### What needs to be done
Take the lines in the listing below from the line with "Freestanding Louvered Pergola" up to and including the line with "Среди экспонатов можно" and set them down exactly, skipping pictures and adding nothing.
START Stored data
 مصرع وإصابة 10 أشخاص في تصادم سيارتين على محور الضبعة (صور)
END Stored data
START Stored data
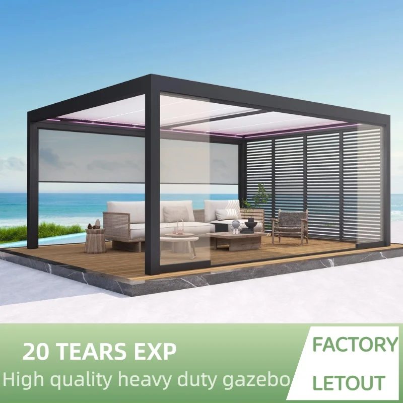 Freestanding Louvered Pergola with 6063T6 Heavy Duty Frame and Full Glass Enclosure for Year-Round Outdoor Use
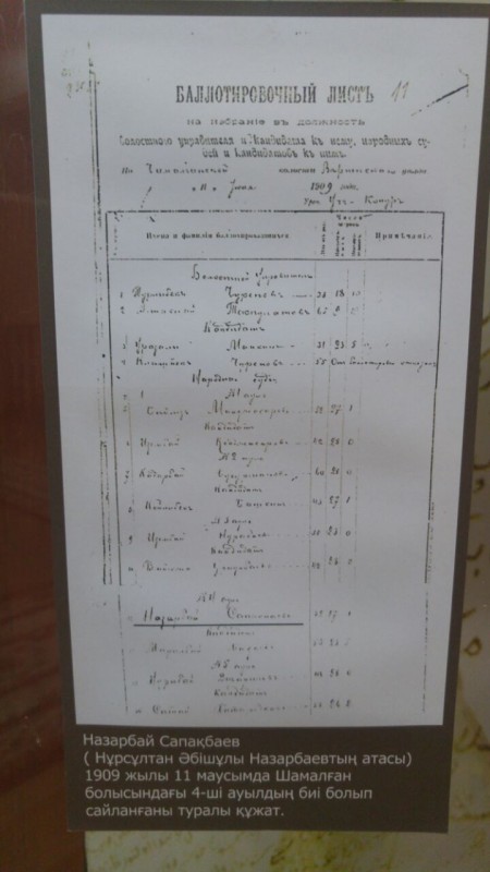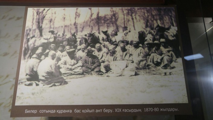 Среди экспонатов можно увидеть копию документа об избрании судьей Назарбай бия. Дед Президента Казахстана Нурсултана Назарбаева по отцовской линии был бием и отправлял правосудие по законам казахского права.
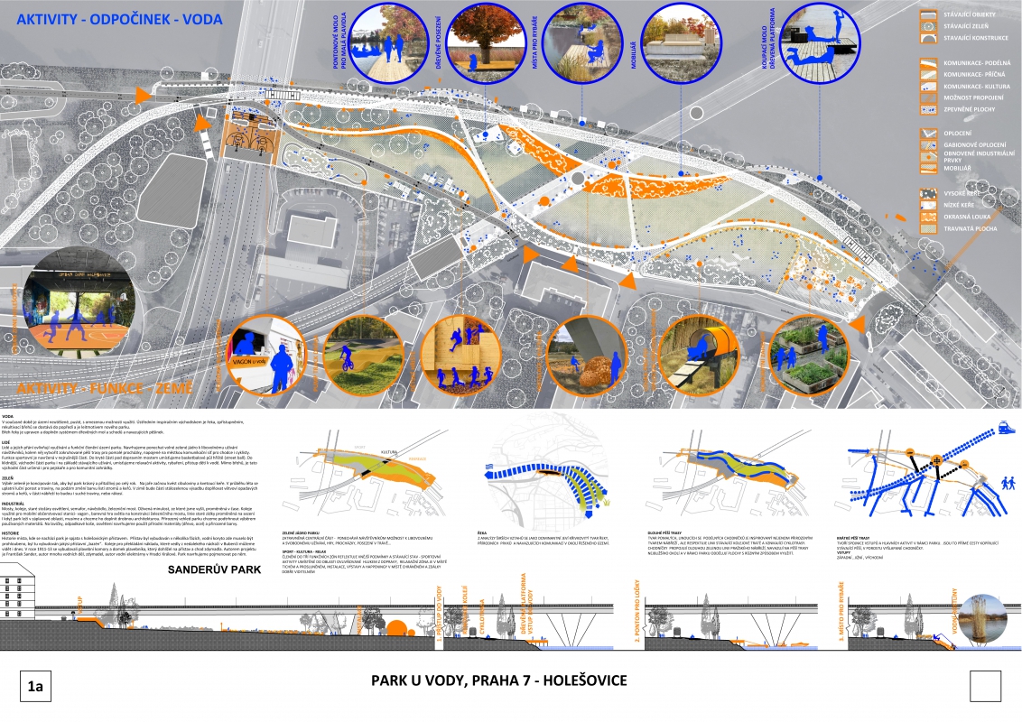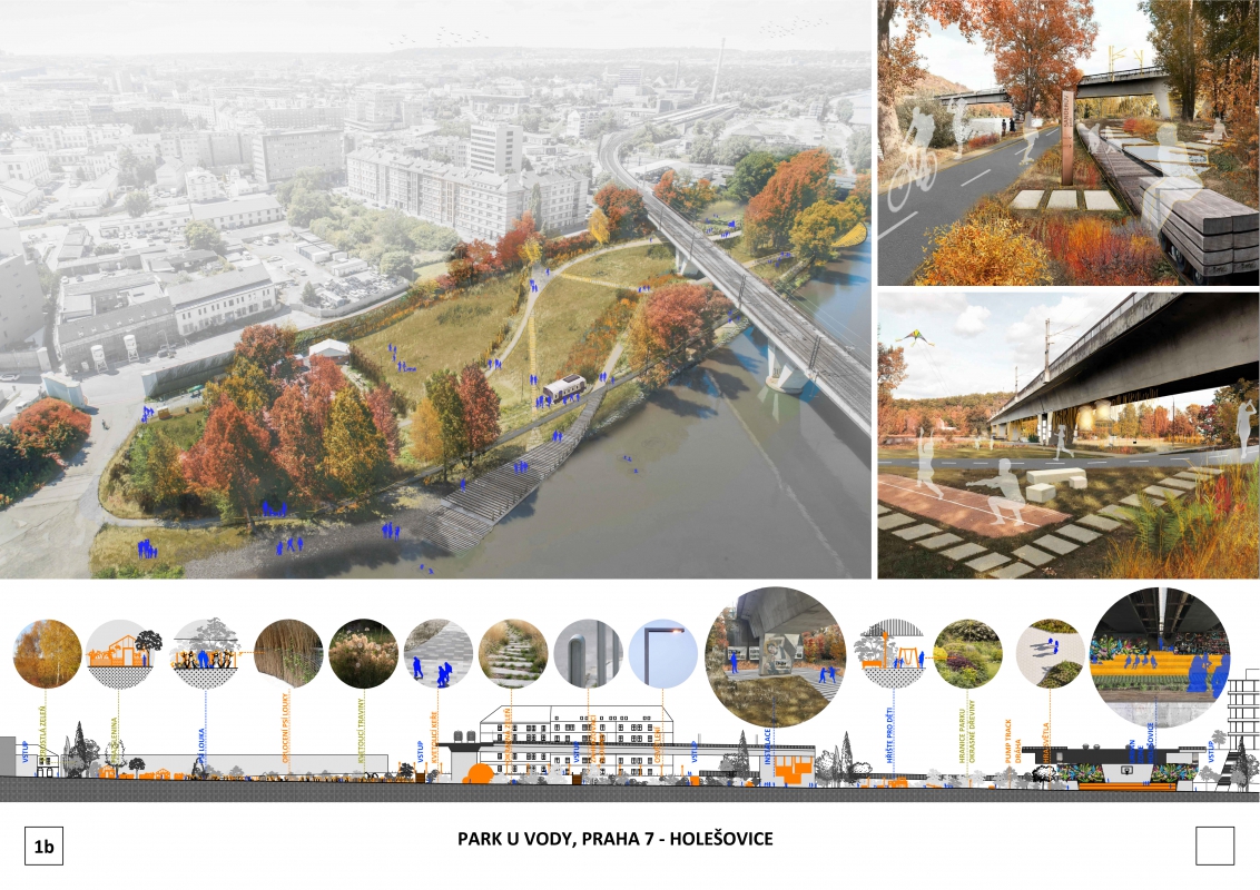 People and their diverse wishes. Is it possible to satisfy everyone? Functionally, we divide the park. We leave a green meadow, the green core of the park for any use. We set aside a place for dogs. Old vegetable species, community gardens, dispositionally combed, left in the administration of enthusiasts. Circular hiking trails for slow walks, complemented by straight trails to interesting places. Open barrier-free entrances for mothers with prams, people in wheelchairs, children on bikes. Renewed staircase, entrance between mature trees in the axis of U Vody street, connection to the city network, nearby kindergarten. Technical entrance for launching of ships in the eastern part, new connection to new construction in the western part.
END Stored data
### Task response
 Freestanding Louvered Pergola with 6063T6 Heavy Duty Frame and Full Glass Enclosure for Year-Round Outdoor Use
 Среди экспонатов можно увидеть копию документа об избрании судьей Назарбай бия. Дед Президента Казахстана Нурсултана Назарбаева по отцовской линии был бием и отправлял правосудие по законам казахского права.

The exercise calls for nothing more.